Keep Her Safe(53)



“Not really.”

“He was a good boy.” The wistful smile touching her lips slips away. “When I lost your dad, I lost Noah too.” Slowly, she places the picture back inside. She closes the lid. “I wondered if he’d come looking for us.”

“Jackie gave him our address. She sent him here.”

“He had nothing to do with what happened to your father.” She closes her eyes. “Don’t be so hard on him. He must be hurting a lot.”

She’s singing a different tune from the day she told me Jackie Marshall died, strung out and incapable of showing the smallest amount of compassion, even for the son who found his mother dead in their kitchen.

“I know what you think of me, Grace. But maybe when I explain it all, it’ll help you understand this . . . Me . . .” Her words start to drift. Probably the anti-nausea medication she took on the way here. It always knocks her out when she’s this weak. “Maybe you won’t hate me so much.”

“I don’t hate you.” A lump forms in my throat. “But I can’t do this anymore. I can’t walk through our front door every day, wondering if it’s going to be the day I finally find my mother dead.
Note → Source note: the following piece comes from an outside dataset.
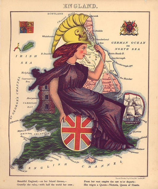Anthropomorphic Map of England White Modern Wood Framed Art Print with Double Matting by Vintage Maps
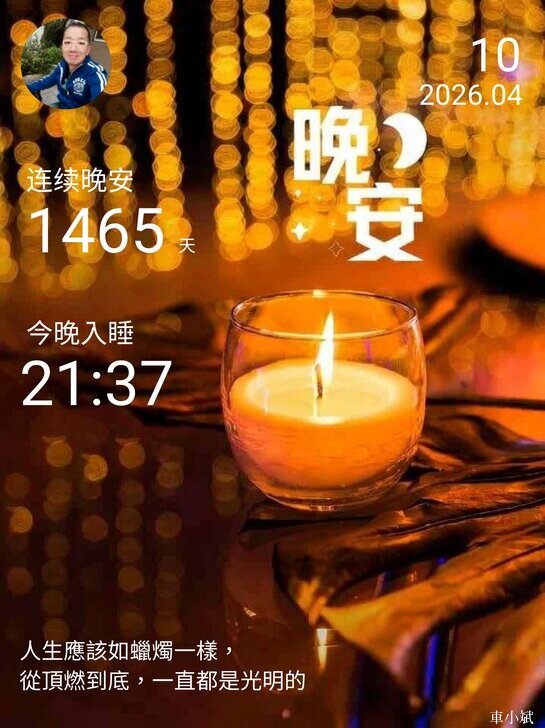 ⬆️晚安打卡圖,2026.04.10,人生應該如蠟燭一樣,從頂燃到底,一直都是光明的

Do you know what that does to a person?”

Silent tears meet my words.

Minutes later, she’s fast asleep.

And I’m left with a thousand questions.

I open the adjoining door and find Noah’s side already open. He’s sitting in a chair, his legs splayed, his frown shifting from the sheet of paper in his hand to Cyclops, who’s sniffing through the backpack in the corner. “How is she?” Genuine concern fills his voice, and it pulls at my heart despite my fiercest attempts to keep my anger fueled.

“Asleep.”

“She wasn’t looking good back there.” His gaze skates over me from head to toe. I know I’m covered in soot and I should shower.

But first, I need answers.

“Tell me everything, Noah. Everything.”



* * *



“She said Betsy’s name?”

Noah nods solemnly. “I think it had something to do with the papers she burned in the sink. There was a piece left, with a date. April something, 2003. I can’t remember which date exactly, but it wasn’t too far off the day Abe died.”

I guess we’ll file that under “suspicious things Jackie Marshall was hiding.” The list is growing. “But why is ‘Betsy, 2002’ written on the back of my mom’s school picture, then?”

“I don’t think that’s your mother.”

“That’s impossible. Look at her.” I hold up the picture for emphasis.

“People write names and dates on the back of school pictures to keep track. Your mother was in her midtwenties in 2002. That girl is way too young to be her.”

I stare at the youthful face, comparing it to my memories of my mom before all the drugs started ravaging her, aging her terribly. Same eyes, same color hair, same jaw structure. Her nose looks daintier and her cheeks are fuller, but that’s not unheard of for a girl that age. “Then who is she?”

“I’m hoping Dina can tell us that.” Noah drops his gaze to his hands. I note the way his shoulders sag, as if burdened by an enormous weight. Have they always been like this, and I hadn’t noticed, too wrapped up in my own turmoil? “Did she say anything about the box while you were in there with her? About what was in it?”

“Nothing useful, but she’ll be awake soon. She can’t sleep for long stretches when she’s detoxing.”

He sighs, setting the copy of the newspaper article on the bed beside him. “I’ll see if I can track down anything about this bust when I get back to Austin. Harvey Maxwell is an ADA at my uncle’s office.”

“And you think he’ll tell you the truth, if he did something shady?”

“There’s got to be a good explanation for this.” Noah’s forehead wrinkles with worry.

More like he’s praying for a good explanation. He likes this Maxwell guy.

“You mean a good explanation, like there must be a good answer for why your mom had my dad’s gun holster?”

Noah bows his head.

He’s not at fault here, I remind myself. “When are you going back?” I ask with a softer tone.

“I don’t know. Soon.”

Despite Noah’s lies and evasiveness, disappointment pricks me. I push it away as I study the picture of the man with the sloped forehead and squinty eyes, who Noah recognized but didn’t tell me.

I wonder how long he would have kept that to himself, had my mother not run from the hospital today.

Noah fumbles with the leather band around his wrist. “I’ll run out and grab a pizza for us, and some soup for Dina.”

I snort. “Good luck getting her to eat.”

“We have to try. And food for him, I guess.” He scowls at Cyclops, who has made himself comfortable on Noah’s bed and is busy gnawing at an itch on his back leg. The bedspread is covered in sooty paw prints.

I sigh. “Come on. I need your help, before you go anywhere.”

“With what?”

“Something you’re not going to like . . .”



* * *



Noah frowns at the half-full tub of warm water. “Shouldn’t we be using dog shampoo?”